Telekom Electronic Beats

Combating Racist Stigma in Romania’s Manele Music

Ion Dumitrescu: Paul, I wanted to start out by talking about the transitional period between so- called “proto-manele” and today’s manele. I know you’ve extensively investigated the timeframe between the early ’90s and the late ’90s. After the 1989 Romanian revolution, literally hundreds of bands sprung out of the periphery of cultural lore, forging a hybrid genre that is still poorly known. Personally, I consider there to be two main musical traditions that fed into manele. First, the legacy of Dan Armeanca radically changed the Romanian lăutari folk music tradition by introducing guitars, drums and synths in the ’80s. Armeanca also changed the lyrics, inventing a new folklore inspired by the experiences of a new proletariat—a “street life” if you will. The second influential change I would attribute to the Albatros legacy, which helped birth minimal manele, with its small bands, basic orchestration and harmonies. This minimal variety also took lyrical content one step further by including themes such as the military draft that had been taboo in the ’80s under the dictatorship of Nicolae Ceaușescu. How do you see the development of modern manele and the role of these two traditions?

Paul Breazu: In my opinion, there are a few sonic roots that fed into the formation of modern manele. This newer style reached its climax in the year 2000 with the revolutionary manele-pop album Fără concurența by Adi Minune and Costi. In my opinion, that record represents a before-and- after moment in manele music culture. Let’s talk a bit about the before. According to the famous Romanian ethnomusicologist Speranța Rădulescu, manele-like music was played in Romania in the 19th century during the Ottoman occupation. In those times, a manea tune was defined as a “lamenting love song often sung by high society ladies and their servants, the lăutari, who were a professional clan of Romani musicians.” The 1960s were another important time in the formation of manele. Electrecord, the one and only Romanian record label of that era, released numerous lăutari records by the likes of Taraful Fraților Gore, Romica Puceanu and Gabi Luncă. I believe the word manele first appeared on one of their records—a 7″ by Victor Gore with the song “Maneaua florăreselor”.
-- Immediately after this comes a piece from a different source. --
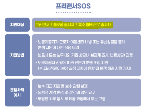| 프리랜서·플랫폼 종사자 특화 | 세무·법률 DAY 운영, 정기 교육, 분쟁조정 |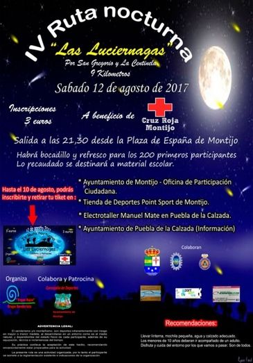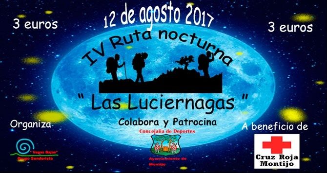 El Grupo Senderista Vegas Bajas organiza, en colaboración con la Concejalía de Deportes del Ayuntamiento de Montijo, la IV Ruta Nocturna “Las Luciérnagas”, una ruta de 9 kilómetros de dificultad baja que transcurre por San Gregorio y la Centinela. La salida será el 12 de agosto a las 21:30 horas desde la Plaza de España de Montijo y habrá bocadillo y refresco para los primeros 200 inscritos.

Interestingly, another one of Gore’s songs, “Maneaua constănțenilor”, is paraphrased by Nicolae Răceanu on a famous “proto-manele” track titled “Magdalena”, which mysteriously appeared on a 7″ in 1982 in the United States, where Răceanu had emigrated. Răceanu wrote the song as a reaction to the folk music propagated by the communist regime as represented in the inexhaustible state-run TV program Tezaur folcloric (“Folk Treasure”). He essentially created a “dirty” version by stealing bits of a classic manele track and singing about a sexual affair with a prostitute. On the album cover, he sports a thick gold bracelet on his right wrist—a piece of jewelry that could have sent him to jail in those times. Indeed, the beginning of the ’80s was the most dystopic period of Ceaușescu’s political regime. Răceanu’s song is real, urban and representative of the times. It has nothing in common with hard-working farmers, the stubborn chastity of village girls or the green foxtails of official, state-sanctioned folklore. For these reasons I would say that the grandfather of modern manele music—the manele music of the ’90s—could be Răceanu.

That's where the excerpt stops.